The problem
Pictures stay out of the copy; output exactly the lines from the one containing "观测于2005年6月在德国亚" through the end of the material.

Recorded data
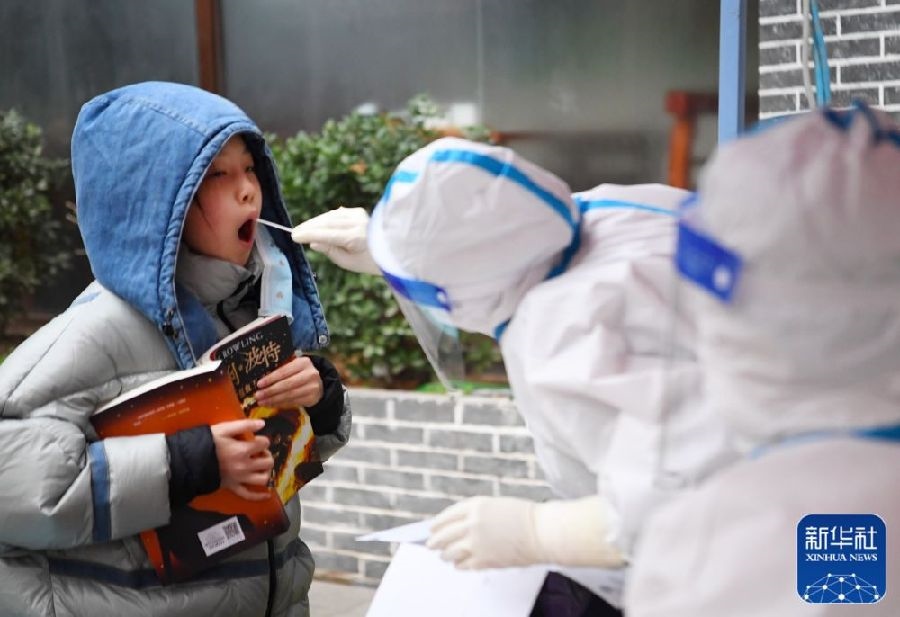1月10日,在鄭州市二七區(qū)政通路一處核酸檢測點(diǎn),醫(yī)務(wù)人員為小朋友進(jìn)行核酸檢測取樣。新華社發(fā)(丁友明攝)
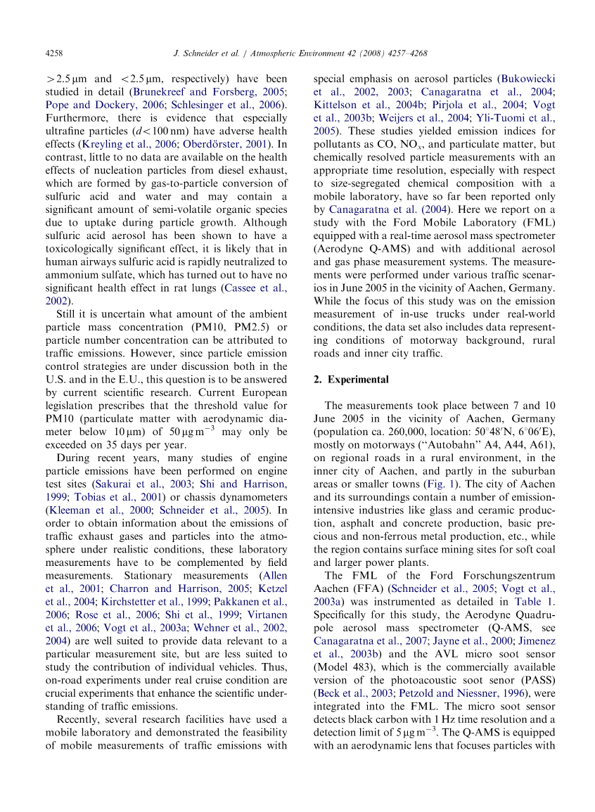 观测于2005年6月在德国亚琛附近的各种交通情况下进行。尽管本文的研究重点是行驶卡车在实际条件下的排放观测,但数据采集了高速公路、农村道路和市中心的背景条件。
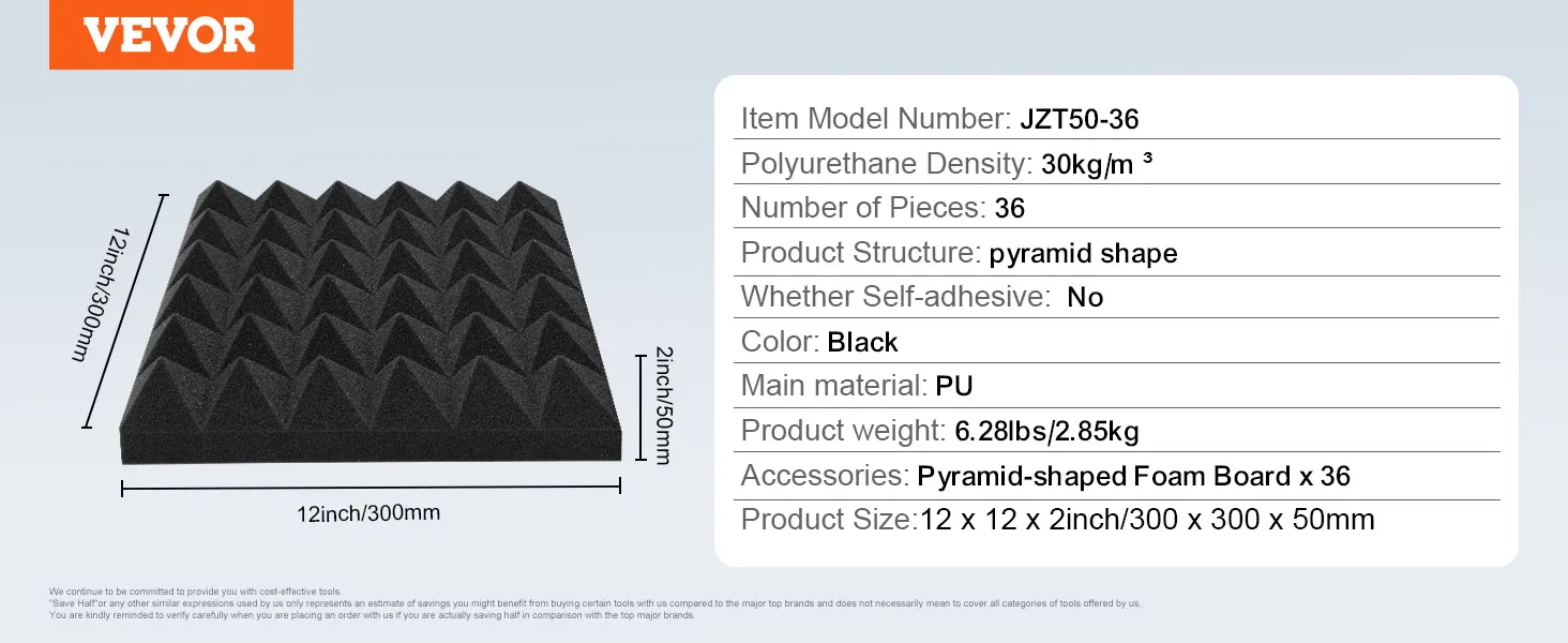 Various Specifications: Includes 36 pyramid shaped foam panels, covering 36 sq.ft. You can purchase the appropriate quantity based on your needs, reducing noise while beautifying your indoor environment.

Written response
 观测于2005年6月在德国亚琛附近的各种交通情况下进行。尽管本文的研究重点是行驶卡车在实际条件下的排放观测,但数据采集了高速公路、农村道路和市中心的背景条件。
 Various Specifications: Includes 36 pyramid shaped foam panels, covering 36 sq.ft. You can purchase the appropriate quantity based on your needs, reducing noise while beautifying your indoor environment.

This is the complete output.